The handsome widow wore her usual sphinx-like expression and she was gazing steadily at Kane Landon. Avice thought she detected a look in the dark eyes as of a special, even intimate interest in the young man. She had no reason to think they were acquaintances, yet she couldn’t help thinking they appeared so. At any rate, Eleanor Black was paying little or no attention to the proceedings of the inquest. But Avice remembered she had expressed a distaste and aversion to detectives and all their works. Surely, the girl thought, she could not have cared very much for Uncle Rowly, if she doesn’t feel most intense interest in running the murderer to ground.

She turned again toward the coroner to hear him saying:

“And then, Miss Wilkinson, after this mysterious message, did Mr. Trowbridge leave the office at once?”

“Yes sir. Grabbed his hat and scooted right off. Said he wouldn’t be back all afternoon.”

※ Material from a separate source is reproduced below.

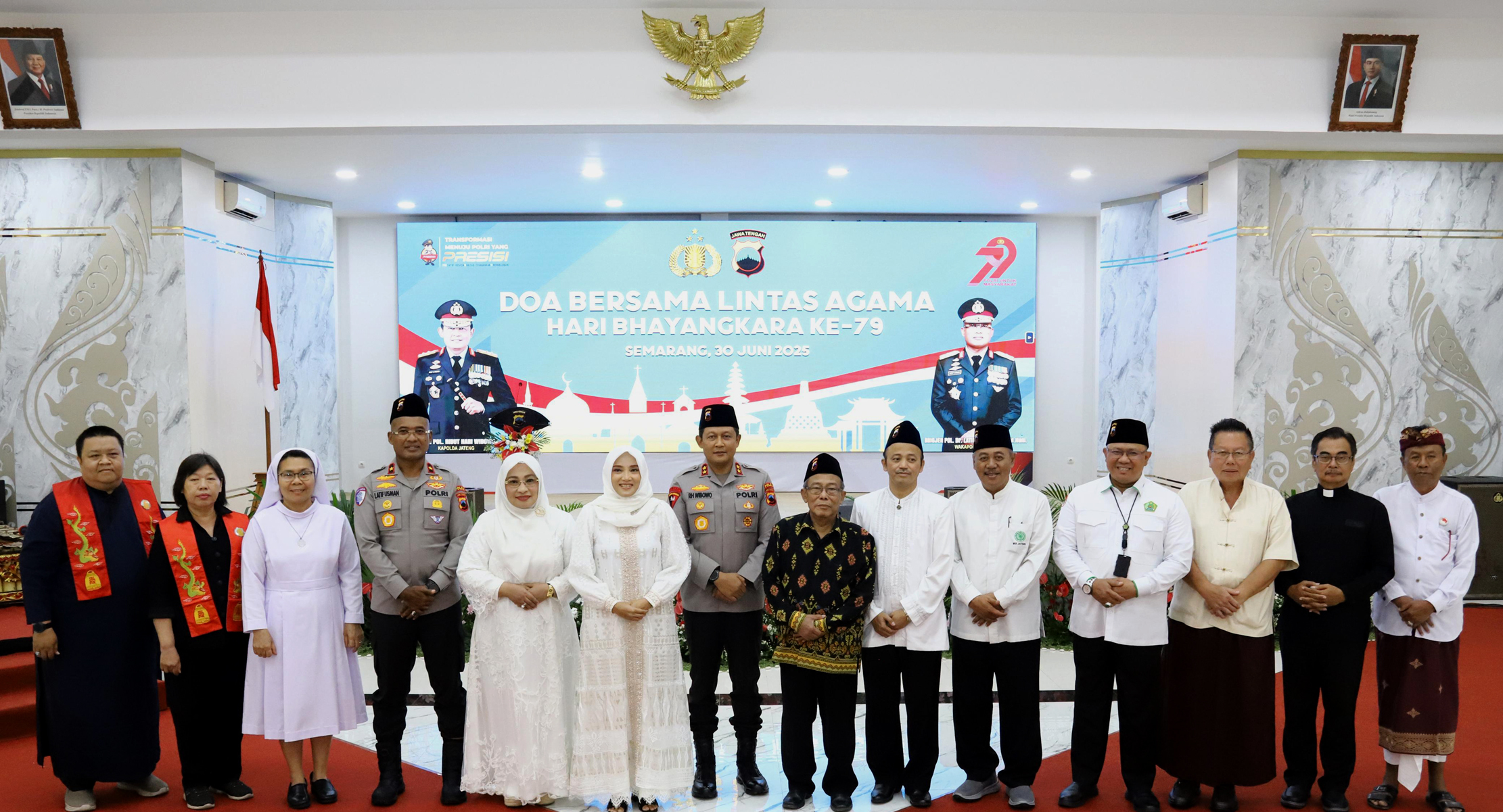 KOTA SEMARANG, BANKOM SEMARANG NEWS.ID – Dalam rangka memperingati Hari Bhayangkara ke-79, Polda Jawa Tengah menggelar kegiatan Doa Bersama Lintas Agama yang berlangsung khidmat dan penuh semangat kebersamaan, Senin pagi (30/06/2025) di Gedung Borobudur Mapolda Jateng, Semarang.

“And you did not recognize the voice as any that you had ever heard?”

“No, sir.”

“And you gathered nothing from the conversation that gave you any hint of who the speaker might be?”

Whether it was the sharp eye of Mr. Berg compelling her, or a latent regard for the truth, the yellow-haired girl, for some reason, stammered out, “Well, sir, whoever it was, called Mr. Trowbridge ‘uncle.’”

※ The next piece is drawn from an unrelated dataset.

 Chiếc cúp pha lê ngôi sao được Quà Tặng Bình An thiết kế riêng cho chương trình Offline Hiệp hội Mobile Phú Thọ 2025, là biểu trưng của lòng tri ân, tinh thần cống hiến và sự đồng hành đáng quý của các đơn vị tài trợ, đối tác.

Again one of those silences that seemed to shriek aloud in denunciation of the only man present who would be supposed to call Mr. Trowbridge “uncle.”

Berg turned toward Kane Landon. For a moment the two looked at each other, and then the younger man’s eyes fell. He seemed for an instant on the verge of collapse, and then, with an evident effort, drew himself up and faced the assembly.